Human Highway


1982 comedy

Rating: 12/20

Plot: Nothing worth noting.

Remember that time when Neil Young decided to make an electronic record in the early-80s and everybody was a little confused by it? This movie, which Young co-directed under the name Bernard Shakey, uses a lot of those songs and is the product of the same sort of mind, one that though that much vocoder on one album was a really good idea. Don't get me wrong--I love that album. I might have even loved this movie if I had watched it when I was in a better mood.

This is incoherently written and assembled by Young, Russ Tamblyn, and Dean Stockwell. There are a couple other credited screenwriters, and I assume that others, including Dennis Hopper who likely came on board after being promised some drugs, were also involved in the improvisational writing process. I mean, you just know that scene where one of the four or five Dennis Hopper characters feeds pancakes to a raccoon was Hopper's idea. The comedy could best be described as a series of absurdist dad jokes, the kind of stuff that's more likely to furrow a brow than make anybody giggle. It's more odd than it is funny.

The movie does have an interesting look. The setting is a diner in close proximity to an apparently leaking nuclear plant, and the landscape has this cartoonish radioactive haze. It's very artificial looking, especially when there are shots when characters are driving or riding bicycles, but it's really kind of cool looking. Devo, who work as garbagemen at the plant, have a reddish glow around them, and Mark Mothersbaugh is wearing a creepy baby mask. It looks weird but in a wonderful way.

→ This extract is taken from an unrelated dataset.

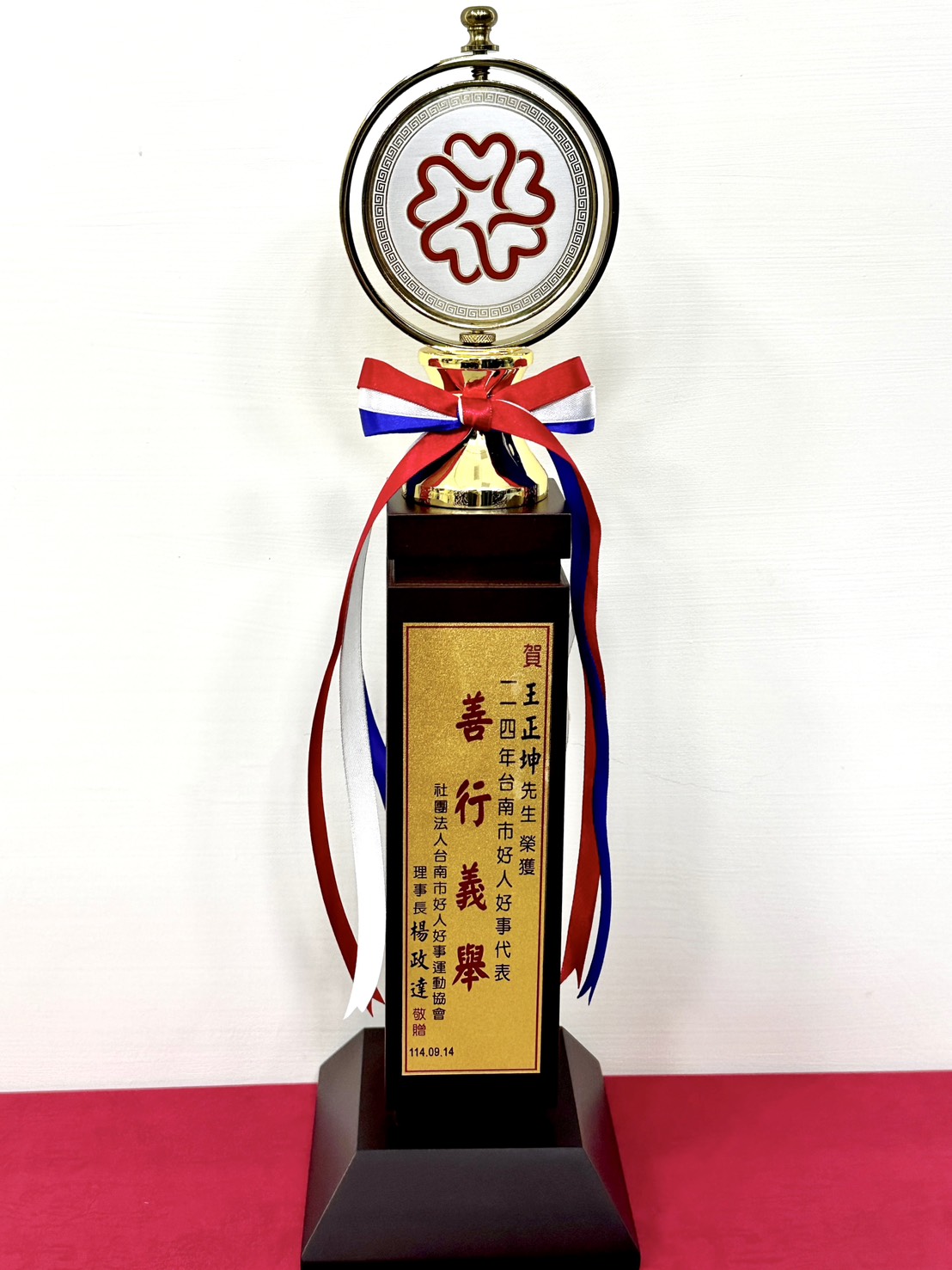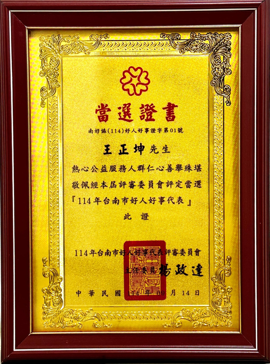 王政坤醫師 當選114台南好人好事代表-南好協(114)好人好事證字第01號

Neil Young isn't an actor, but he's not a complete disaster. Of course, I doubt he would have gotten a lot of roles in movies that he didn't make based on this performance. There's something refreshing about how he's embraced this dorkiness, willing to ruin his folk-rock god reputation by doing what he does here in a low-budget science fiction comedy. A very lengthy dream sequence--filmed with avant-garde color bleeds and dated psychedelia--has Young back in folk-rock god status, and he rips through a version of "Hey Hey, My My (Into the Black)" with Devo that nearly burned my face off, Mothersbaugh going nuts in that baby mask as he twiddles and diddles with knobs, the rest of the band chugging along and holding things together. It's a glorious slab of rock and totally makes up for the too-long scene where Neil Young plays a song on wrenches for a wooden Indian.

I just read that Dennis Hopper injured Sally Kirkland while performing knife tricks during the shooting of this. Kirkland sued, and Hopper admitted that he was having trouble with drugs at the time. None of that is the least bit surprising.